Testing βlog(income): α = 0.05
H0 : βlog(income)=0 (Assuming type and log(income)*type are already in the model)
Ha : βlog(income) not =0
t-statistics t1 = 6.898 which has t distribution with n − (p + 1) = 98 − 6 = 92 degrees of freedom.
Here p-value is 6.55e-10 < 0.05. So we reject null hypothesis and conclude that income is statically significant when type and log(income)*type are already in the model.
Testing βtypewc: α = 0.05
H0 : βtypewc=0 (Assuming log(income) and log(income)*type are already in the model)
Ha : βtypewc not =0
t-statistics t1 = 2.018 which has t distribution with n − (p + 1) = 98 − 6 = 92 degrees of freedom.
Here p-value is 0.04646 < 0.05. So we reject null hypothesis and conclude that typewc is statically significant when log(income) and log(income)*type are already in the model.
Testing βtypeprof: α = 0.05
H0 : βtypeprof=0 (Assuming income and log(income)*type are already in the model)
Ha : βtypeprof not =0
t-statistics t1 = 2.876 which has t distribution with n − (p + 1) = 98 − 6 = 92 degrees of freedom.
Here p-value is 0.00501 <= 0.05. So we reject null hypothesis and conclude that typeprof is statically significant when log(income) and log(income)*type are already in the model.
Testing βlog(income):typewc: α = 0.05
H0 : βlog(income):typewc=0 (Assuming log(income) and type are already in the model)
Ha : βlog(income):typewc not =0
t-statistics t1 = -1.837 which has t distribution with n − (p + 1) = 98 − 6 = 92 degrees of freedom.
Here p-value is 0.06947 > 0.05. So we can not reject null hypothesis and conclude that log(income):typewc is not statically significant when log(income) and type are already in the model.
Testing βlog(income):typeprof: α = 0.05
H0 : βlog(income):typeprof=0 (Assuming log(income) and type are already in the model)
Ha : βlog(income):typeprof not =0
t-statistics t1 =-2.239 which has t distribution with n − (p + 1) = 98 − 6 = 92 degrees of freedom.
Here p-value is 0.02756 < 0.05. So we reject null hypothesis and conclude that log(income):typeprof is statically significant when log(income) and type are already in the model.
Final regression model:
\(\hat y=\)-124.3525838 + 18.7820949 income($) + 83.7020124 typewc + 102.6304773 typeProf + -8.9793239 incomeOftypewc($) + -9.0010905 incomeOftypeprof($)
We can not compare both models using partial F-test since both models are not nested.
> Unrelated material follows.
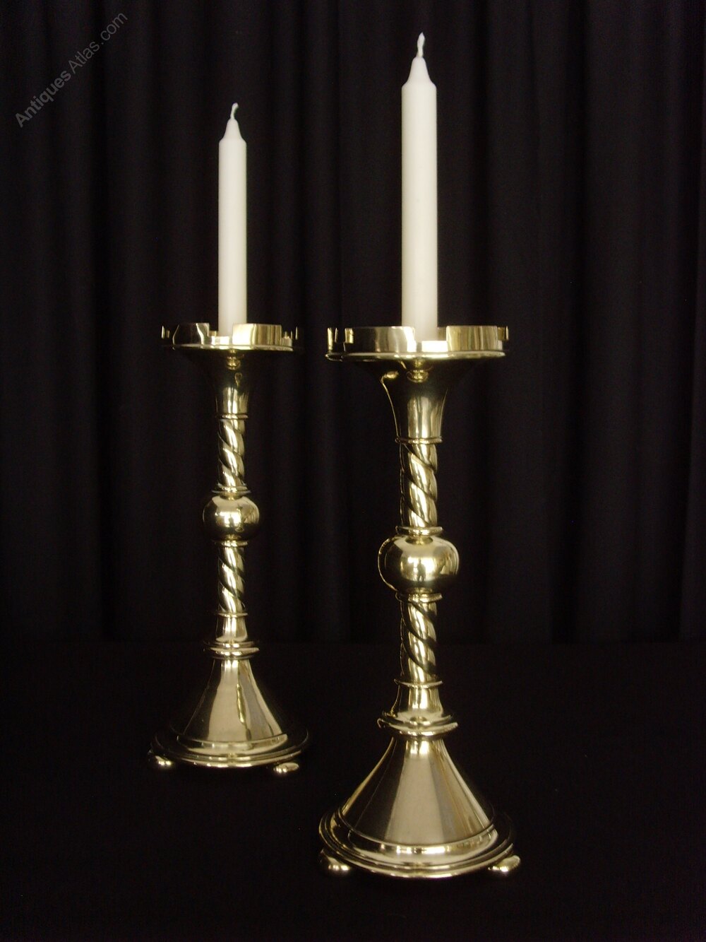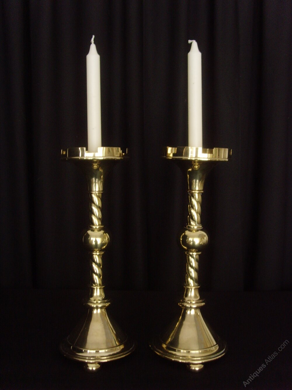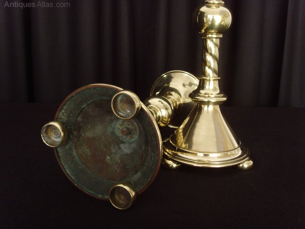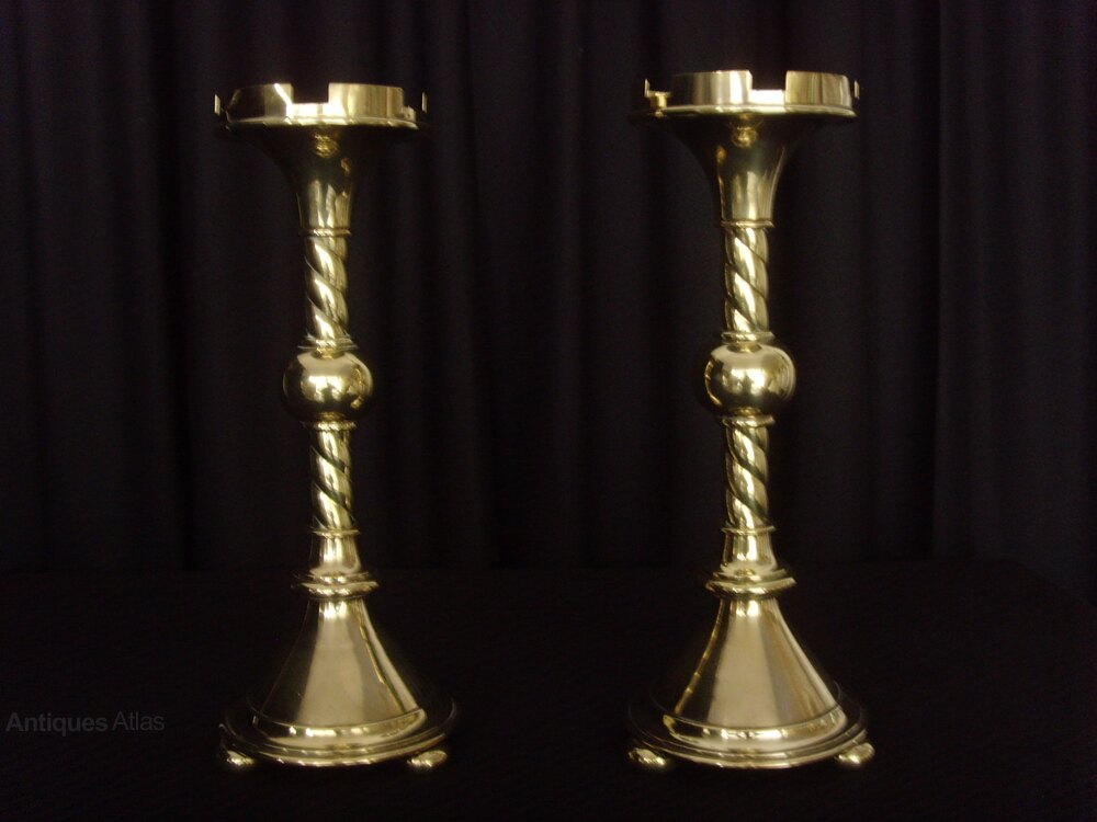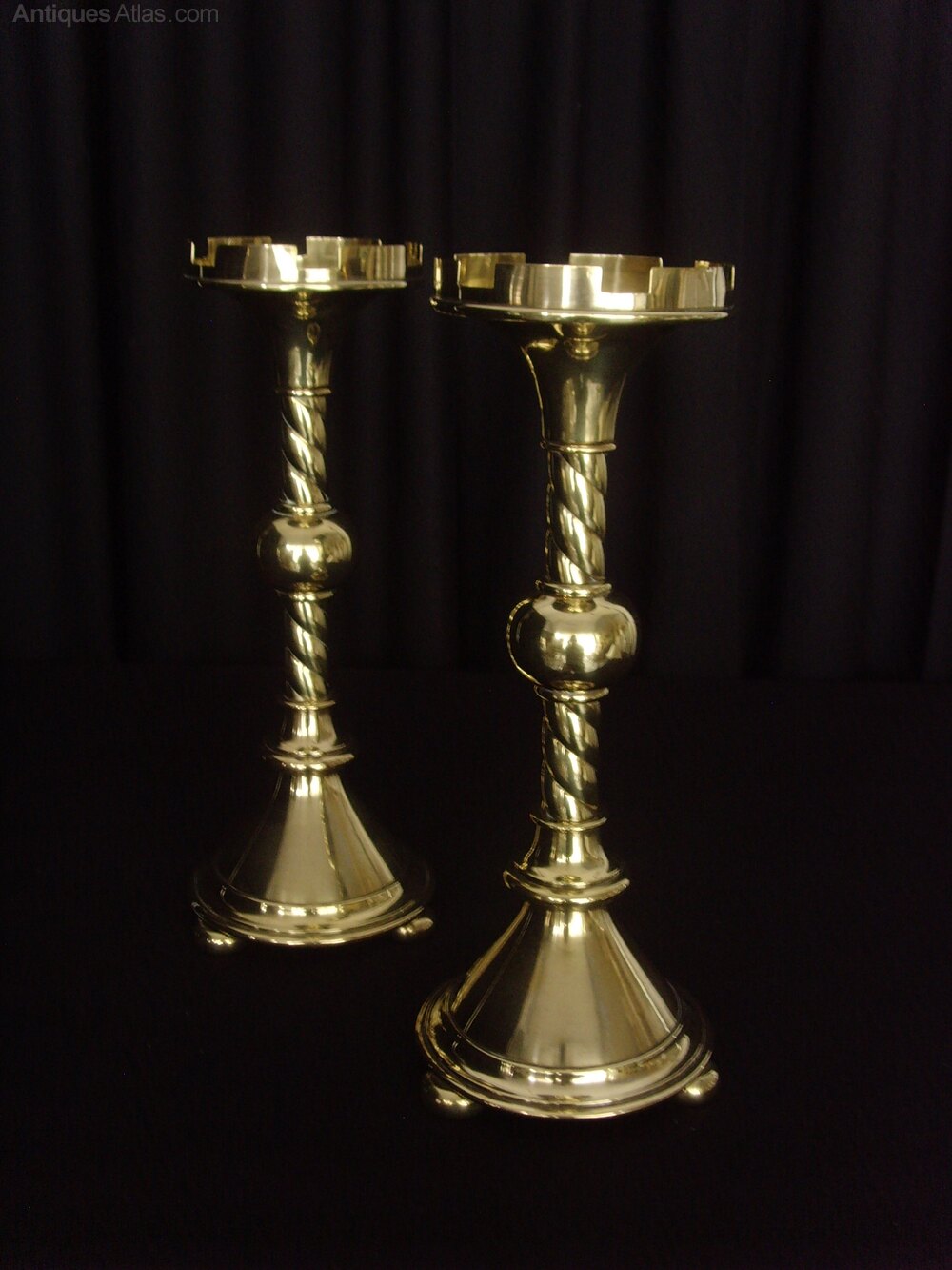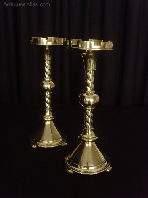 Pr. Fine Quality 19th C. Gothic Brass Candlesticks

Partial F-test is used only when two models are nested.
Instead, We can compare both models using RMSE.
## RMSE for model(e) 7.041597
## RMSE for model(g) 7.173863
By comparing the RMSE of bothe model(e) (rmse=7.041597) and model(g)(rmse = 7.173863), we can say that Model(e) is better.
There is another way in R to compare two non-nested model. We can check the BIC - Bayesian Information Criterion.
## BIC for model(e) 692.7664
## and BIC for model(g) 696.4138
Since BIC for model (e) is low, this model is preferable.